My, what a capital chap Jim Kirk was! The farmboy had instinctively known his place with Spock, his place on the receiving end of Spock's manhood.

"Yes, my dear boy, I do. Take those trousers off immediately." And, as Kirk doffed his pants, Spock also drew out his stiffening organ. "Get it wet enough so I won't hurt you." And Kirk put his willing mouth around Spock's manhood. Then Spock leaned back. "Climb on top of it, Kirk. That way I can appreciate the sight of your rosy staff as I plunge again and again into you."

Kirk groaned and, straddling on Spock's legs, placed himself with his delightful nether hole just above Spock's splendid manliness. Then he began his slow and delicious descent.

Spock saw flashes of light, he heard a roaring in his ears, he could feel the creamy warmth of Kirk's body all around his most sensitive part. Kirk had a gift of contracting the muscles of his buttocks - oh, he was squeezing the most perfect ecstasy out of Spock!

"Kirk, you devil! I've never had a more desirable experience!"

"Your cock is like heaven to me, Spock!"

And then Spock began to feel his crisis approach; jerking furiously inside the plump arcs of Kirk's ass, he was going to make this experience last as long as he could. The narrow channel of Kirk's fundament was tightening around his prick; he could feel that he was at just the right angle to drive Kirk mad with joy. Then they both began to erupt against each other with gasping abandon.

They fell back in each other's arms.

"Spock, that was unearthly."

"Yes, quite," Spock said and kissed Jim, a slow open-mouthed kiss, and Jim leaned back against him. Then they slowly, lovingly disconnected themselves, and lay beside each other.

After a moment of companionate stroking, Spock spoke. "Jim, what are you doing this summer? We'll be spending the season at our lakeshore family home, and we'll need a driver. Excellent pay, not much work, long idle nights to while away. Better than plowing or whatever, I should think."

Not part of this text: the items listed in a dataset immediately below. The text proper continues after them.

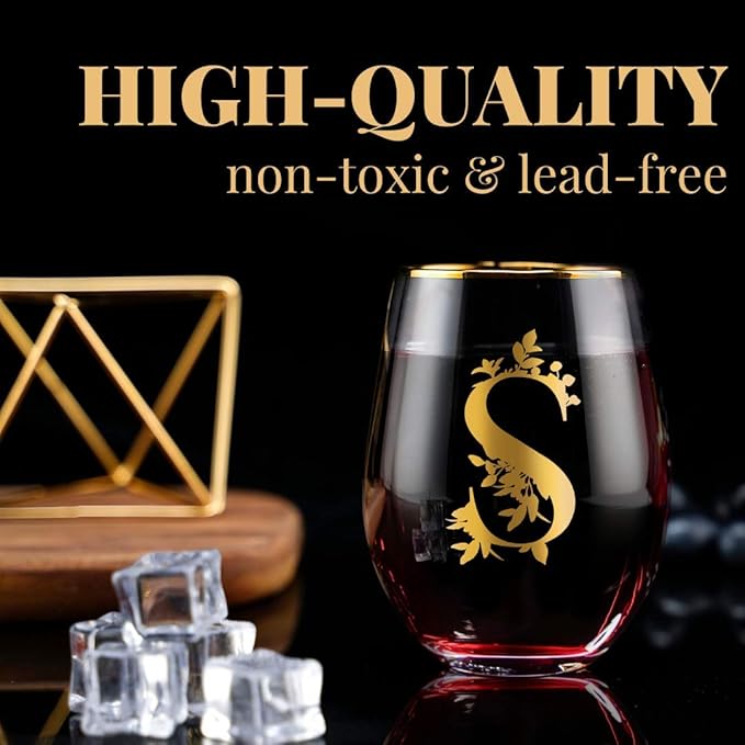 Onebttl Unique Stemless Wine Glasses, Initial Wine Cup for Red or White Wine - 18oz, Monogrammed, Gold - for Women, Girls, Female, Her, Friends, Coworkers, Clients - for Birthday, Christmas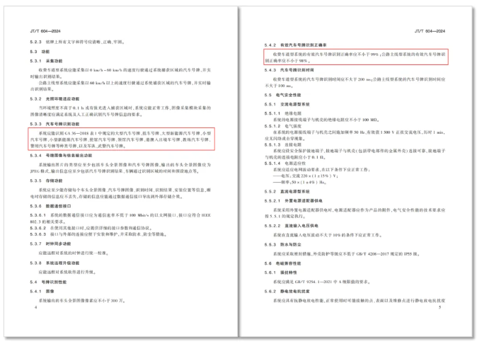 针对汽车号牌视频自动识别系统的应用现状和发展趋势,《汽车号牌视频自动识别系统》行业标准对汽车号牌识别功能(新能源汽车号牌、双层号牌、港澳车牌等)、号牌识别正确率(收费车道型系统的有效汽车号牌识别正确率应不小于99%;公路主线型系统的有效汽车号牌识别正确率应不小于98%)等重要功能和性能做了变更,助力公路收费管理更精确!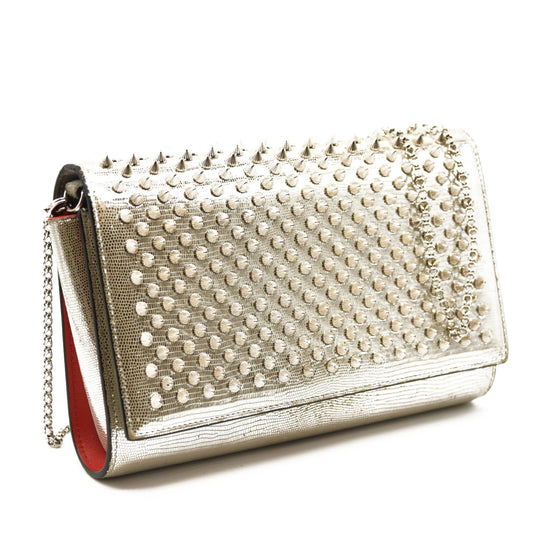 CHRISTIAN LOUBOUTIN Paloma Clutch Bag Silver Leather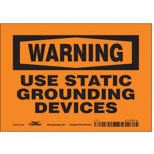 Safety Sign, Horizontal Rectangle, Number of Printed Sides 1, English, Sign Format Traditional OSHA, Sign Legend Use Static Grounding Devices, Sign Legend Background Color Orange, Sign Legend Style Text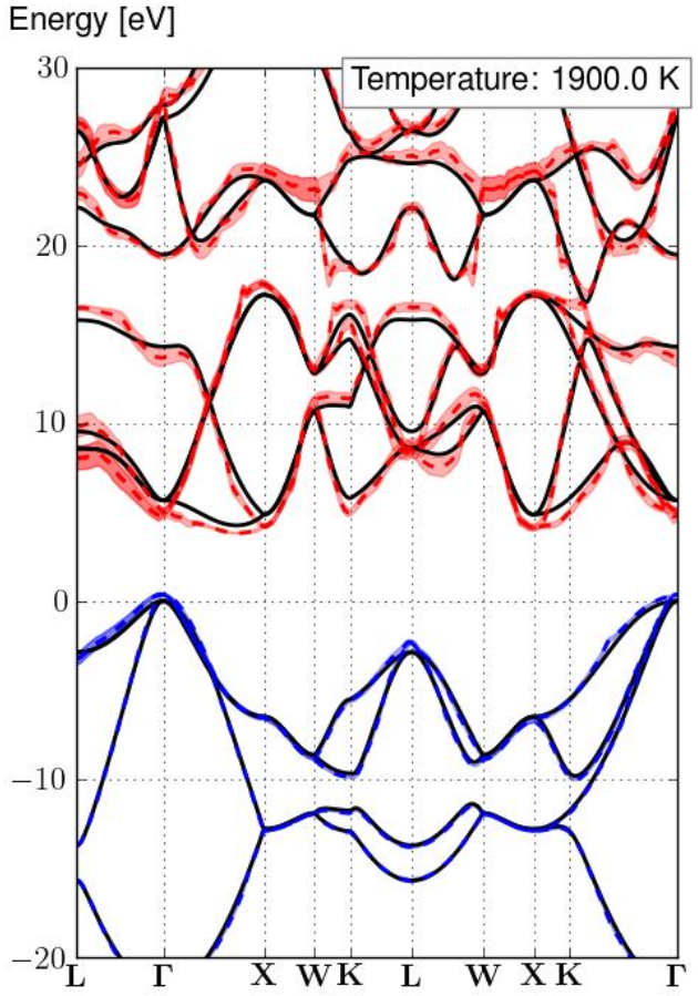 Using the relatively dense q-grid of 43x43x43 we can obtain the following converged bandstructure, at a high temperature (1900K):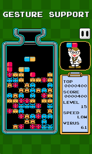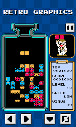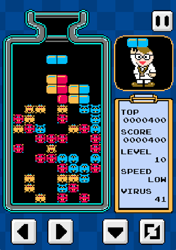 Dr. Virus is a falling block puzzle game. The player's objective is to destroy the viruses by using colored capsules that are tossed into the bottle. The player manipulates each capsule as it falls, with the goal being to align similar colors which removes the viruses. The player progresses through the game by eliminating all the viruses on the screen in each level.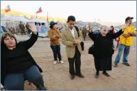 Aux alentours de la Mine San José, a été monté un grand campement où vivent les parents des mineurs ensevelis et le personnel chargé du sauvetage. C’est là que le cardinal Francisco Javier Errázuriz, a de nouveau remercié Dieu pour ce « cadeau », celui d’avoir permis de retrouver vivants ces travailleurs. Le cardinal a eu aussi l’occasion de converser téléphoniquement avec les mineurs.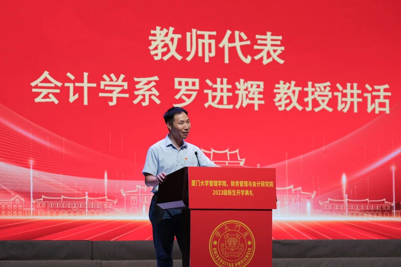 会计学系罗进辉教授代表学院教师发言。首先,他期待同学们做到“爱我所做,做我所爱”,心中有理想,脚下有力量,塑造自己的强项,突出自己的优势;其次是养成关心国家政治、经济、社会新闻的意识和习惯,拥有大胆、宏观的视野;最后,建议同学们要多锻炼、多运动,多与老师交流,争做身心健康的新时代接班人。他表示,将继续以“四有”好老师的标准要求自己,与同学们一起在厦大管院取得更好的成绩。

"Chekhov said you and your fiancÚ were getting married."

"Oh, Paulibus is an utter dunce. I'm not marrying Pringy this summer; that's next summer after I graduate."

"Pringy?"

"Pringy Von Gotrocks. Her father owns Vulcan Steelworks. Dads' idea that we marry, not mine, I assure you." Spock found Pringy clean and wholesome, but profoundly uninteresting. Not like the rosy bit of flesh beside him now. "Come, Kirk. Say yes, like a good chap."

"I won't have to room with that escapee from the Scopes trial, Monty, will I? I mean, in the servant's quarters at your swanky estate?"

"Hardly. I have my own suite of rooms, complete with a sleeping porch for a manservant. " He rolled over on Kirk. "I must say you are driving me wild. Do say yes."

Kirk gave him a look, mischievous as a flapper and just as easy.

"Here, Kirk, I'll buy you a motorbike." He thrust himself against Kirk, their softening organs gently nudging. Quite like a poem by old Walt Whitman!

"Say yes, now," Spock whispered again.

"Oh, you kid," Kirk purred back, "of course, I will," and they both leaned in again for a lingering kiss.

The End


::tap tap tap:: Is this thing on? Sunbeam here. As you can probably guess, I was supposed to write a tale about Spock getting hot for Kirk when they were trapped in a Jefferies tube. Well, I tried my best.

A personal footnote of no interest: when I was fifteen I bought a book for a dime at a yardsale; it was called "Compulsion" and Meyer Levin wrote it. "Compulsion" is a well-written fictionalization of the true story of Dickie Loeb and Babe Leopold, two college-boys/lovers who committed a famous thrill-murder in 1924 Chicago. The male-male sex scenes were so potently described that something began in me, a taste for something that hasn't ended 35 years later. This story is a warped tribute to that book.

And what is the Star Trek connection, you might ask?

Well in real life . . . Loeb and Leopold cruised a private boy's school looking for a victim; the victim they chose was Bobby Franks, but one of the boys they considered was a thirteen-year-old named Billy Chon. Billy Chon grew up and changed his name to William Shawn and became the long-time editor of the New Yorker, and, of course, father to . . . The GRAND NAGUS! That's right, Wallace Shawn's dad.

See, life makes sense! ::Beam!!!:: And don't nobody say Sunbeam never taught 'em nothing.